10  Random Variables

A random variable is a variable whose value is a numerical outcome of a random phenomenon.

The probability distribution of a random variable \(X\) gives us all possible values of \(X\), and their corresponding probabilities. Probability distributions are typically given as tables, histograms (with probability on the y-axis, instead of frequency), or density curves (like the Normal curve).

pdfs and cdfs

For any given named distribution (e.g., Binomial, Normal, Geometric, Uniform), we will always have a probability density function (pdf) and a cumulative density function (cdf)
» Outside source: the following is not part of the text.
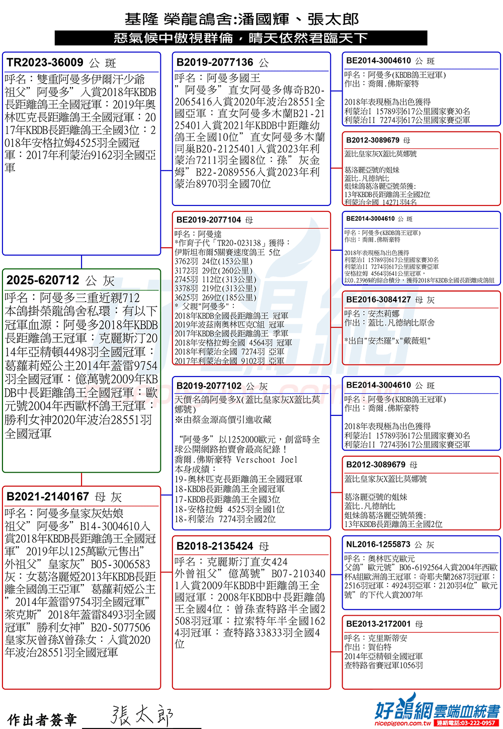 KBDB長距離鴿王全國冠軍“阿曼多”(直子X直女)近親直孫X直孫女三重近親作出

We use pdfs to find the probability of a singular point. * e.g., if I want to find the probability of that a random variable \(X\) is equal to \(x\), then I’d plug in the value of \(x\) into the pdf of \(X\), \(P(X = x)\).

We use cdfs to find the probability of a falling within a certain interval. * e.g., if I want to find the probability of that a random variable \(X\) is less than \(x\), then I’d plug in the value of \(x\) into the cdf of \(X\), \(P(X \leq x)\).

10.1 Discrete Random Variables

Discrete Random Variable

A discrete random variable describes a process that only has specific, predefined numerical outcomess. For example, we can use a discrete random variable to finding the probability of Michael Jordon scoring 50 points in a single game or the probability of rolling a 3 or lower on a six-sided die.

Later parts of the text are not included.